El policía joven arqueó las cejas.

– ¿Y de qué murió entonces?

Stefán estaba ya completamente tranquilo. Se sintió aliviado al oír que el médico que estuvo en el escenario había afirmado que se trataba de un suicidio, lo que liberaba a sus hombres de buena parte de las acusaciones de fastidiar el caso.

– Naturalmente, harán falta exámenes más detallados antes de que se pueda determinar, pero el forense dijo que muy probablemente la mujer murió de asfixia.

– ¿De asfixia? -repitió el policía joven, como un eco-. ¿Estrangulada?

Stefán sacudió la cabeza.

– Aún no está claro. El forense no excluía que hubiera podido deberse a una enfermedad, pero dijo que quería que examinaseis mejor la casa de la difunta para comprobar si alguien pudo haber estado implicado en su muerte.

– Comprendo -dijo el joven, feliz a más no poder de que Stefán volviera a ser el de siempre-. El turno está acabando, ¿quieres que volvamos allí mañana por la mañana o…?

Los ojos de Stefán se cerraron.

– No. Iréis ahora. Ahora mismo -desafió al joven a que le contradijera mirándole fijamente a los ojos-. Examinaréis cada centímetro cuadrado y escribiréis un informe decente, como si se estuviera hablando del escenario de un crimen. Quiero encontrar una fotocopia esperándome en mi mesa mañana por la mañana -señaló la puerta con la mano-. En tu lugar, yo me daría prisa, no vaya a ser que tus compañeros se hayan marchado ya a casa…, dejándote todo el trabajo para ti solo -el joven abrió la boca como para responder, pero se contuvo. Fue hacia la puerta. Cuando estaba en el umbral, Stefán añadió-: Comprueba todas las llamadas entrantes y salientes del teléfono de la casa, así como del móvil de la difunta. Está claro que murió el domingo por la noche, de manera que las llamadas de entonces son, naturalmente, las más importantes.

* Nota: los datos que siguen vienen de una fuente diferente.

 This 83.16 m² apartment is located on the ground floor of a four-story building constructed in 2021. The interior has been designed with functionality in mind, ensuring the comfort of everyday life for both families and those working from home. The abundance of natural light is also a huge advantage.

– Eso haré -respondió el joven con un toque de rencor en la voz. Menudo lío. Estaba ya cansado de todo el día, dispuesto a tumbarse en el sofá y quedarse mirando la tele atontado. No era una idea nada atractiva tener que dedicarse a peinar todo un chalé adosado en busca de Dios sabe qué.

– Sí, y otra cosa -le dijo Stefán con voz fuerte cuando la puerta estaba a punto de encajar en los goznes.

– ¿Eh? -el joven introdujo la cabeza por el hueco de la puerta.

– Tengo especial interés en saber si Alda telefoneó al móvil de Markús Magnusson esa misma tarde, y cuánto duró la conversación. ¿Entendido?

– Entendido.

La puerta se cerró. Stefán se quedó mirando las claras maderas llenas de vetas mientras reflexionaba. Sabía que tendría que llamar a su colega de las Vestmann para ponerle al tanto de la marcha del caso. Pero no le apetecía lo más mínimo. Eso podía esperar. Ahora tenía que pasarse por el Hospital Nacional, reunirse con el forense y echar un vistazo al cadáver de Alda. Se puso en pie. Tenía que confesarse a sí mismo que no era solamente su trabajo lo que le empujaba a hacerlo. El forense había mencionado que la mujer estaba excepcionalmente retocada…, una palabra que Stefán no comprendió hasta que le dieron una explicación más precisa. La mujer de Stefán estaba siempre dando la vara con que quería aumentarse el pecho, por eso quería ver unos pechos de esos con sus propios ojos. ¿Quién sabe si a lo mejor, en caso de que le gustaran, acababa dando luz verde?